Senate debates

Tuesday, 17 June 2008

Questions without Notice: Take Note of Answers

Health

3:25 pm

Photo of Gary HumphriesGary Humphries (ACT, Liberal Party) Share this | Hansard source

Allow me to contaminate some of the arguments put by the Labor members in this place with a few facts. First fact: it is not the case that this adjustment in the Medicare levy surcharge thresholds is to account for inflation since the measures were introduced in 1996. If you had made that adjustment, as you claim you were trying to do, you would have ended up with a singles level threshold of something like $70,000, depending on whether you were adjusting for increases in the price of goods or of wages. So this argument that putting it up to $100,000 for singles and $150,000 for couples is simply about adjusting pursuant to the policy of the previous government is absolute and arrant nonsense.

The second fact is about the argument that this is a tax slug which the government believes should be taken off the shoulders of working Australians. The fact is that there is tax relief and there is tax relief. Not all tax relief is a good thing. You need to consider the downstream effect of any decisions of this kind on the total picture in the area that you are affecting. Take this example. If the government had announced in its budget that it was going to decrease the burden on working families by reducing the excise on tobacco products, what would we say? Of course, there are some families who would pay less for their tobacco products, but what would the effect be on the health of Australians? It would be to cause a deterioration of the health of Australians overall—and so with this measure. We need to pose the question: is this actually in the interests of Australians’ health generally?

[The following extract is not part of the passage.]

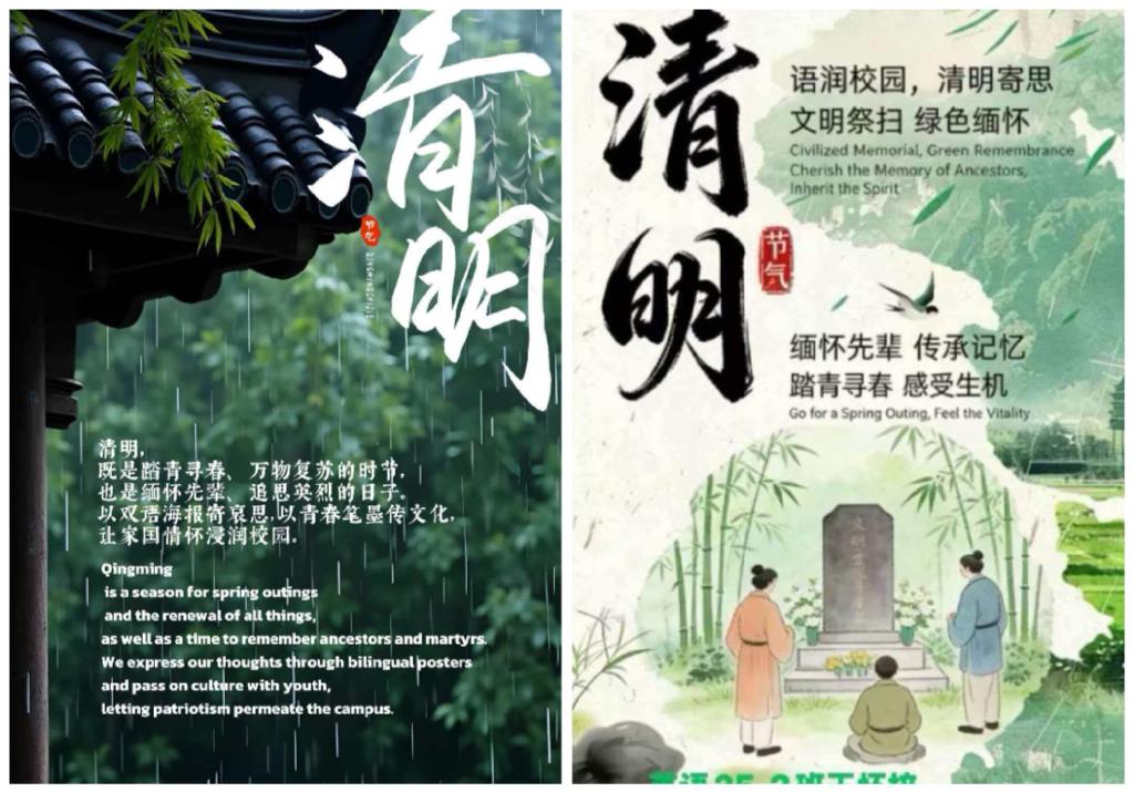 双语创佳作 海报寄哀思。学院举办双语主题创作活动,学子们绘清明画卷、制主题海报,融入英烈形象与春日氛围,用中英、中俄等语言注解,以专业能力诠释追思情怀,让红色文化焕新彩。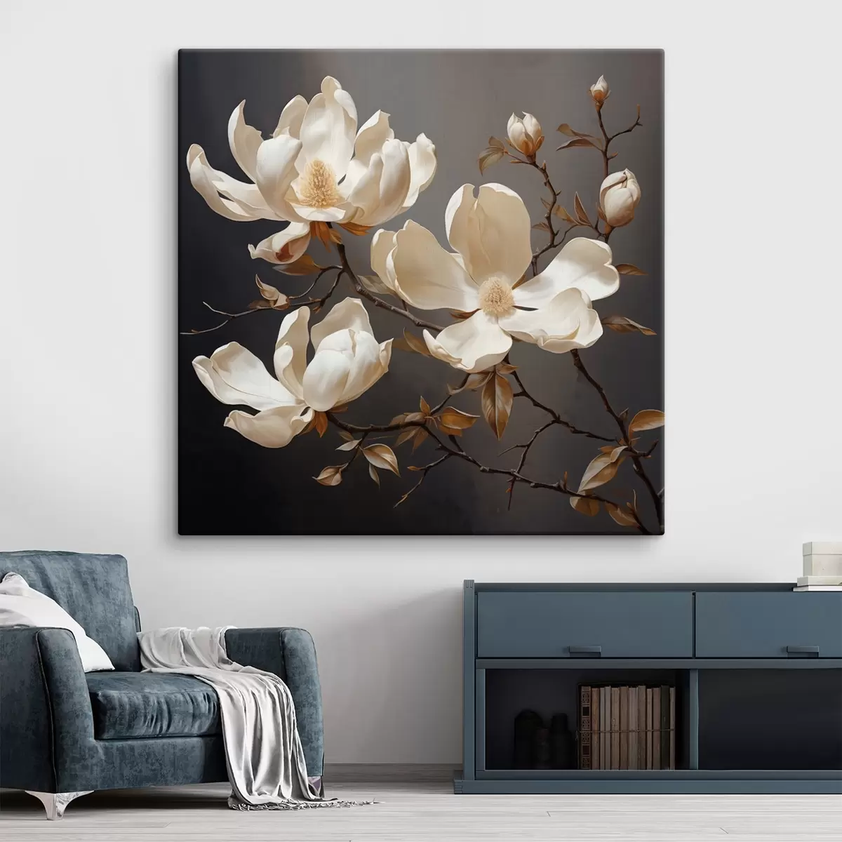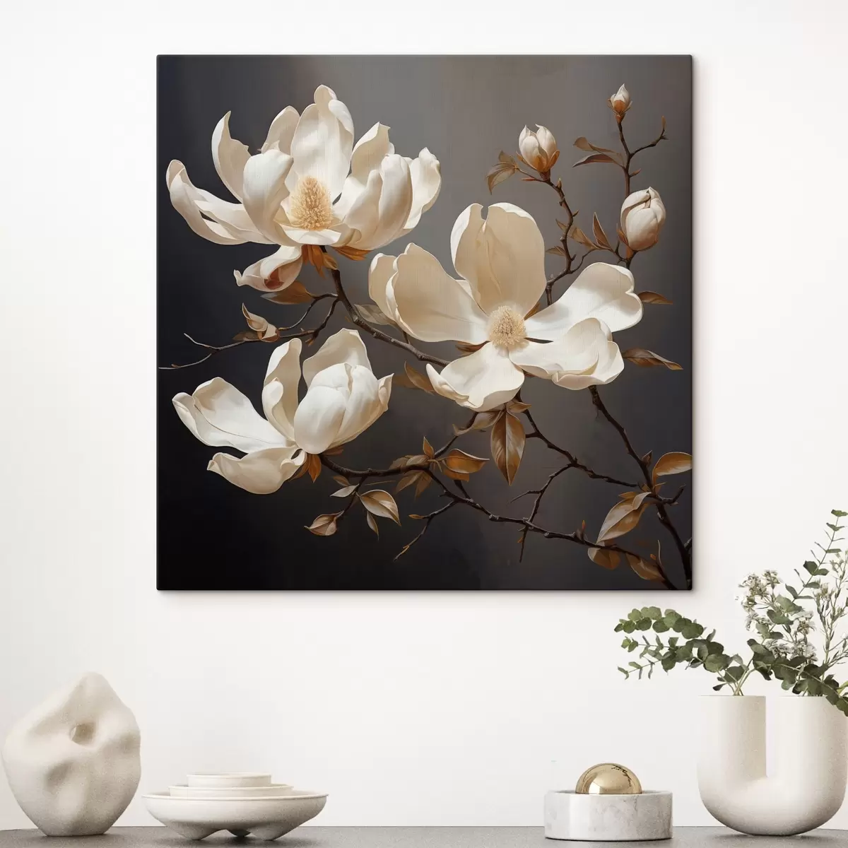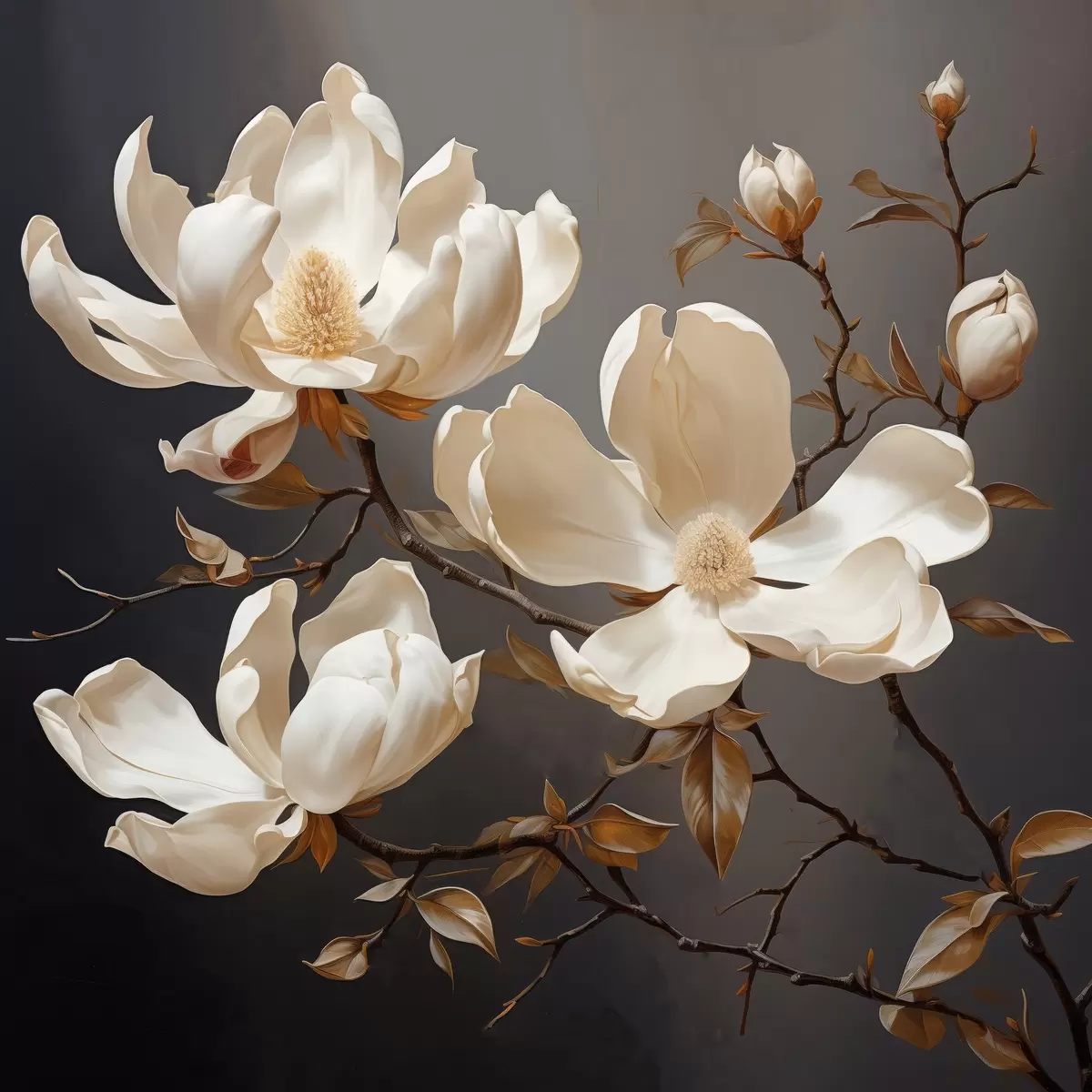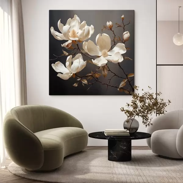 Tablouri Magnolii albe pe un fundal întunecat în stil pictural s45038

Let us look at the effect. We know that this will cause hundreds of thousands of Australians to surrender their private health insurance. We know that means that when those people get sick the chances are that they will move into the public health system to obtain medical treatment. We know that that will increase waiting lists. We know it will increase pressure on public hospital systems in this country, systems which are already seriously burdened by very large numbers on their waiting lists. Take dental care as a particular example. It is sometimes said that people who are younger and fitter are the ones who will give up their private health insurance under these arrangements. But people of any age need dental treatment. They need check-ups. They need fillings. They need the sorts of things that have to happen throughout our lives. What will happen to these people, these 700,000-plus Australians—as Senator Cormann points out—who have given up their private health insurance, when these people need dental care? The chances are that either they will have to bear those very severe costs themselves, and we all know that going to the dentist is no cheap affair—so much for helping working families in Australia—or they will have to join the public dental waiting queues, very long queues that are increasingly under pressure, growing all the time, which are not going to be much relieved by the decisions of this government, to be perfectly frank, and we are going to find more people under pressure because of the state of their dental health.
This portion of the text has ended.